Wait, no no no no no no …

If I could have one whole day to myself, I would start it at gym, doing some exercises and swimming a little bit (just to prove that I am paying the fee) and feeling very well ‘cause I am (finally) and sportive woman.

Wait, no no no no no…

I would call a good friend and we would spent the whole morning doing a shopathon. Oh yes, that would be great!. Trying on clothes (not in a rush and not just one) without shouting: “Don’t touch this”.

Wait, no… much better.

I would call my Wellness Centre (mine? I haven’t been there for three years. Sure they have even erased my name!) and I would make an appointment. Massages, natural therapies, manicure… The most expensive pack they have. After all, you don’t have such a lovely day… every single day.

But just thinking about it… Wait!.

I know one thing I don’t want to do. No cooking today. So I would try a nice restaurant, for sure. And I would love as well some time to read peacefully. And I would be great to make the photo album early in the afternoon and not just before midnight.

Wait, no, I have another idea!


 
Excuse me, what does it mean that my free day is OVER? :(

13 d’oct. 2011

The truth about prenatal classes

The midwife that was assigned to us at the primary health centre was lovely.
I felt that I could trust her. What a pity that she got changed a few weeks after and her replacement... to be honest, it was as if I had no midwife at all. I would like to think that a midwife is a person who orients you, resolves your doubts and answers questions which might seem absurd but which you find crucial at that moment, when you haven't got a clue about a thing. But it wasn't exactly like that despite the fact that I was making the effort to take prenatal classes seriously. I thought that they would provide me with useful knowledge and that I would learn some exercises to reduce the swelling of my hands (I'd had enough of having them in salt and water). The very first class did seem that it was going to be useful... later to find out that every class was the same and did not provide me with anything interesting. (By the way, I went through the same experience with postnatal classes). What's more, I always found myself in a bind whenever the midwife explained anything because I had to ask again and again: "Excuse me, and when it's twins... How do you go about doing this? Or what is the best way for me to organise this?". And it was tiresome, because strangely enough, there was only a pair of twins in that class.  Mine.

So... why continue attending these classes (which were a major effort because the bump made it hard for me to go from home to the primary health clinic and I got extremely tired)? Basically because they helped create the most useful social network in the whole system. Getting to know a group of great women who were all pregnant at the same time and who gradually gave birth one after the other.
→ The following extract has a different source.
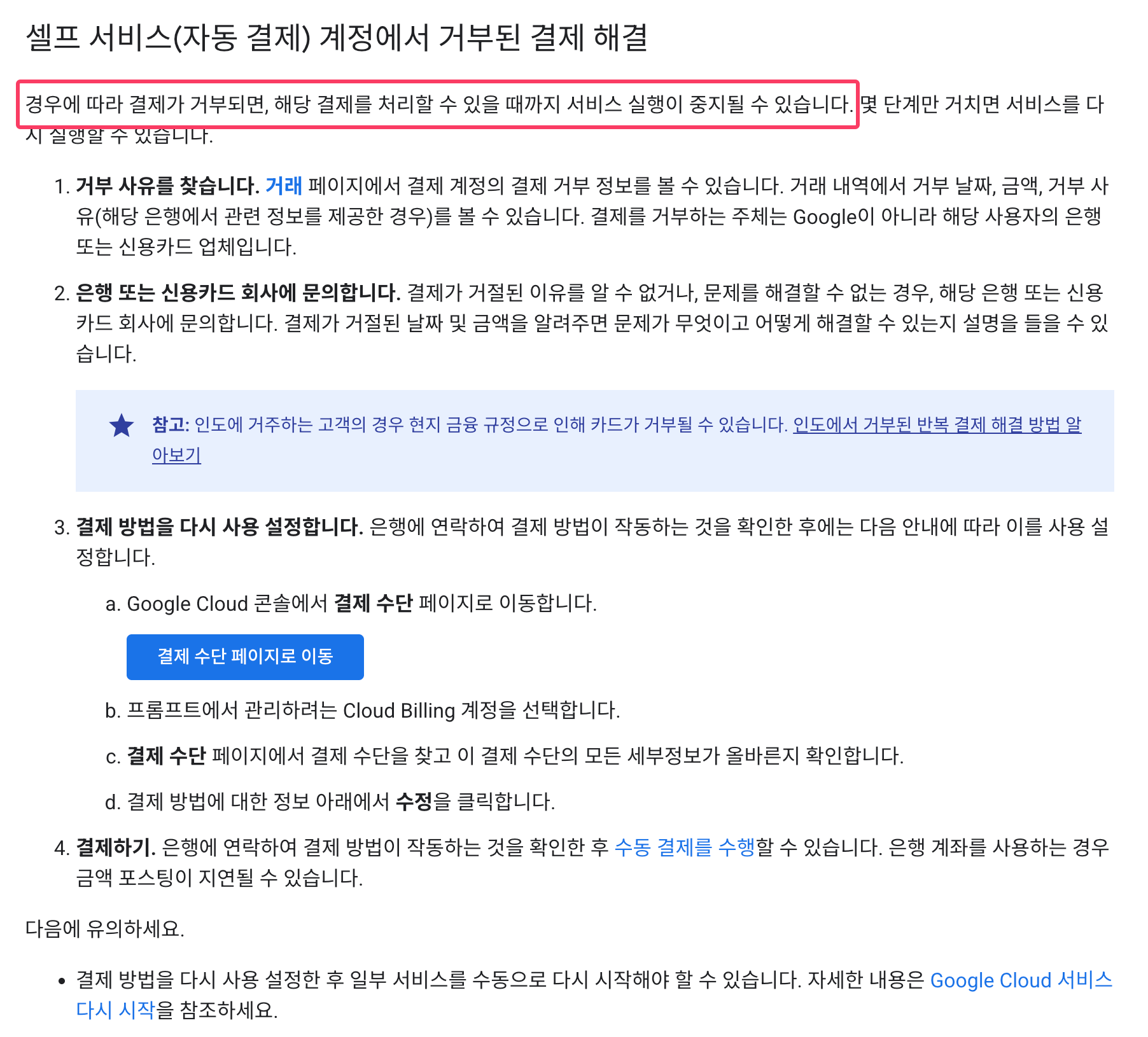 "정상적인 카드가 없으니 GCP가 서비스 제한을 걸었다"는 가설이 가장 합리적이었죠.

I ran into some of them in postnatal classes. Now we still meet up with a group of moms and we still share the most valuable information. In fact, it was the only positive outcome form having that midwife. As I could not compare I didn't know if she was good or bad at her job, but I felt that I was not getting anything from her. It wasn't until the night of the 14th of December 2008 that I could confirm this hunch. It turns out that everybody knew her at the hospital once I told them which primary health clinic I came from. Gosh, how lucky I was, wasn't I?